START Data section
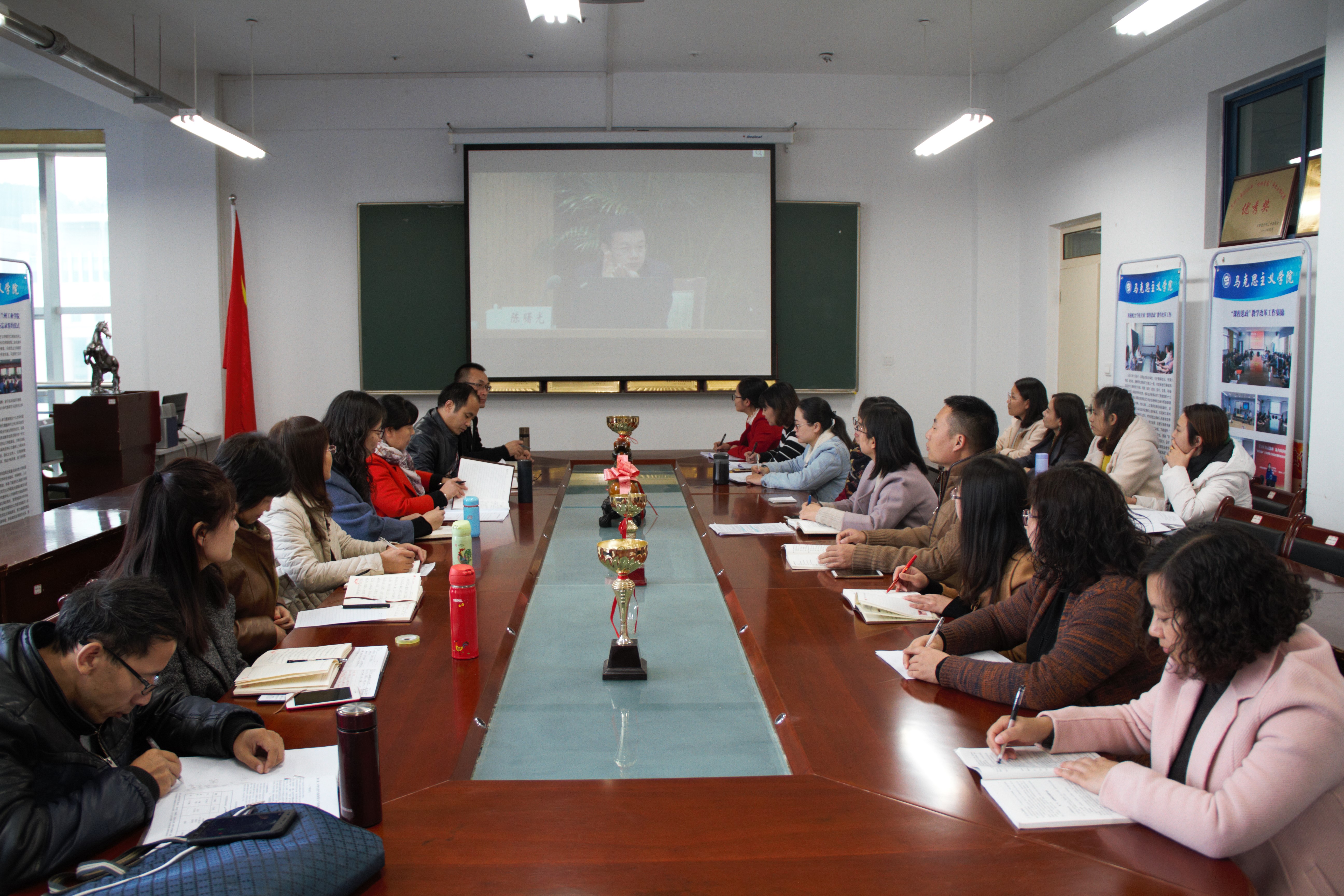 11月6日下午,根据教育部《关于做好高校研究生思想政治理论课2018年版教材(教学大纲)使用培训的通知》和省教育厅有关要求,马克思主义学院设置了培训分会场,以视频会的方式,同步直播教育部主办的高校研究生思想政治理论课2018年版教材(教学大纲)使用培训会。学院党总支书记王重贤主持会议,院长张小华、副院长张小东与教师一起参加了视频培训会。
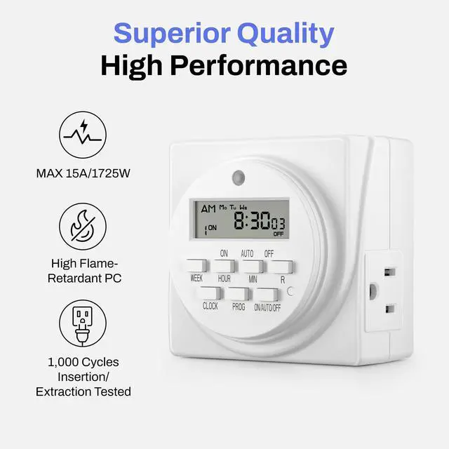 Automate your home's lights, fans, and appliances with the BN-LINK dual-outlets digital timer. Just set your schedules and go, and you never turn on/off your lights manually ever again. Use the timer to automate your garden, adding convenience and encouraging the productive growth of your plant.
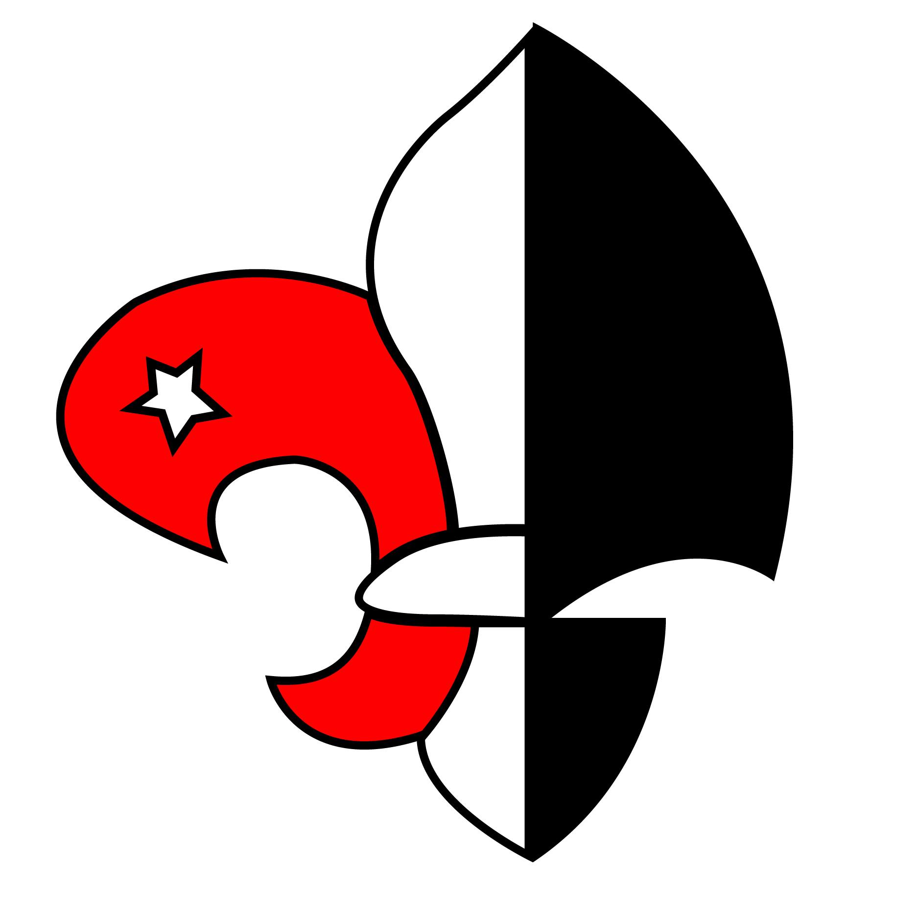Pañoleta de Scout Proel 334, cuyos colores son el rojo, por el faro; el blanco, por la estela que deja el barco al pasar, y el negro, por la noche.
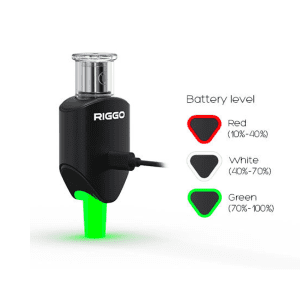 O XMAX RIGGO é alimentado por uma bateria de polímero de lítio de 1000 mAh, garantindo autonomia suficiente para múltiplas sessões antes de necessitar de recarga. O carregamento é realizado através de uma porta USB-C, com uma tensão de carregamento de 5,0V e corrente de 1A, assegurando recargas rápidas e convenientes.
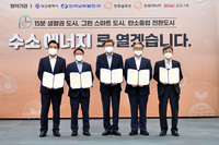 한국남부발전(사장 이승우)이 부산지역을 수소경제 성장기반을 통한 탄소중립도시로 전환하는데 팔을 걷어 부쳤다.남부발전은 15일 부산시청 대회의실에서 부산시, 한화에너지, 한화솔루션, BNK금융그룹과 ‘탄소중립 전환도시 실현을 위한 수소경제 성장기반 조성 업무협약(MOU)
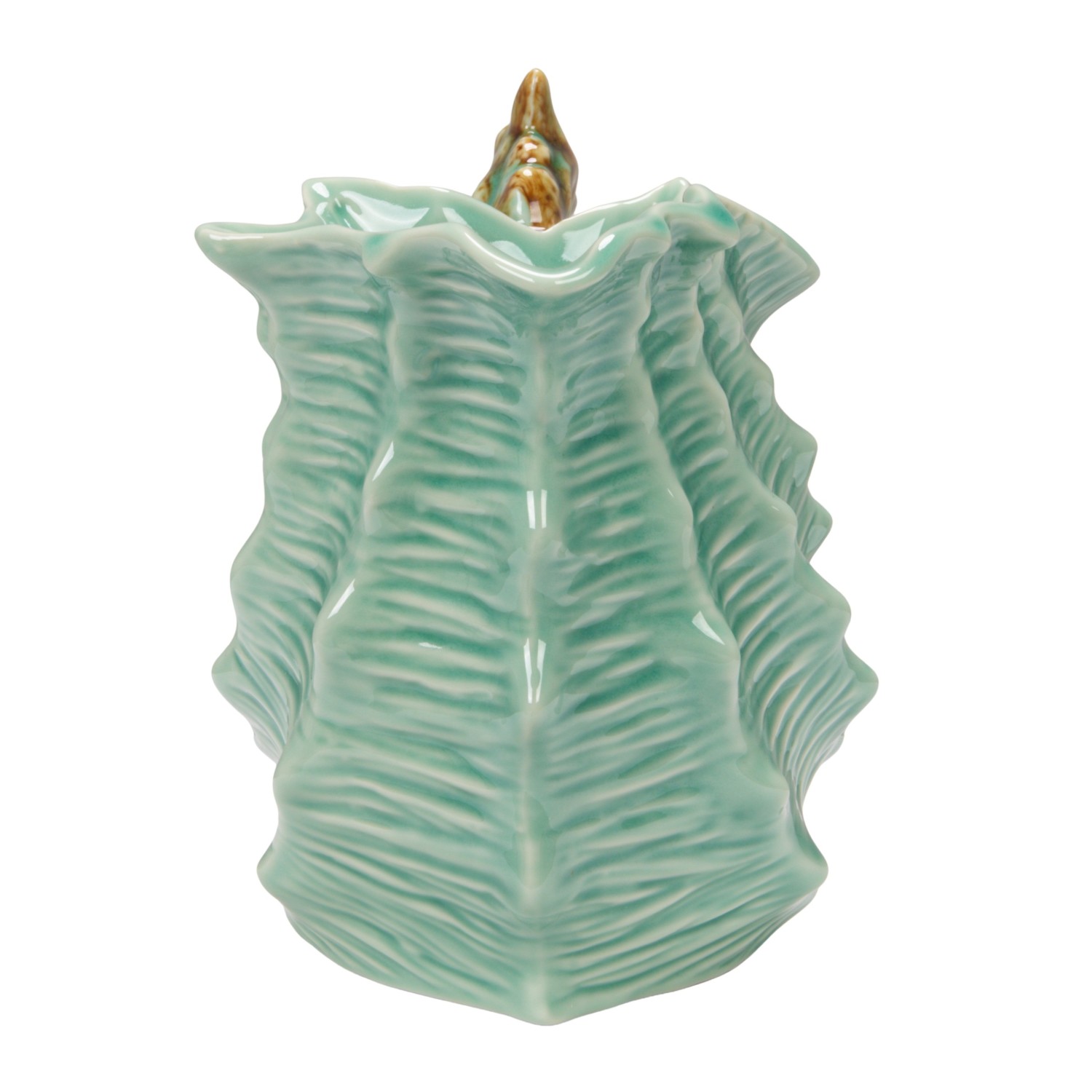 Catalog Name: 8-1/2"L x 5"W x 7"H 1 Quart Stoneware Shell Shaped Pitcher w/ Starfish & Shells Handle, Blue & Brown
END Data section
Your objective:
Using the records above, output an exact copy without any pictures.

Output below:
 11月6日下午,根据教育部《关于做好高校研究生思想政治理论课2018年版教材(教学大纲)使用培训的通知》和省教育厅有关要求,马克思主义学院设置了培训分会场,以视频会的方式,同步直播教育部主办的高校研究生思想政治理论课2018年版教材(教学大纲)使用培训会。学院党总支书记王重贤主持会议,院长张小华、副院长张小东与教师一起参加了视频培训会。
 Automate your home's lights, fans, and appliances with the BN-LINK dual-outlets digital timer. Just set your schedules and go, and you never turn on/off your lights manually ever again. Use the timer to automate your garden, adding convenience and encouraging the productive growth of your plant.
Pañoleta de Scout Proel 334, cuyos colores son el rojo, por el faro; el blanco, por la estela que deja el barco al pasar, y el negro, por la noche.
 O XMAX RIGGO é alimentado por uma bateria de polímero de lítio de 1000 mAh, garantindo autonomia suficiente para múltiplas sessões antes de necessitar de recarga. O carregamento é realizado através de uma porta USB-C, com uma tensão de carregamento de 5,0V e corrente de 1A, assegurando recargas rápidas e convenientes.
 한국남부발전(사장 이승우)이 부산지역을 수소경제 성장기반을 통한 탄소중립도시로 전환하는데 팔을 걷어 부쳤다.남부발전은 15일 부산시청 대회의실에서 부산시, 한화에너지, 한화솔루션, BNK금융그룹과 ‘탄소중립 전환도시 실현을 위한 수소경제 성장기반 조성 업무협약(MOU)
 Catalog Name: 8-1/2"L x 5"W x 7"H 1 Quart Stoneware Shell Shaped Pitcher w/ Starfish & Shells Handle, Blue & Brown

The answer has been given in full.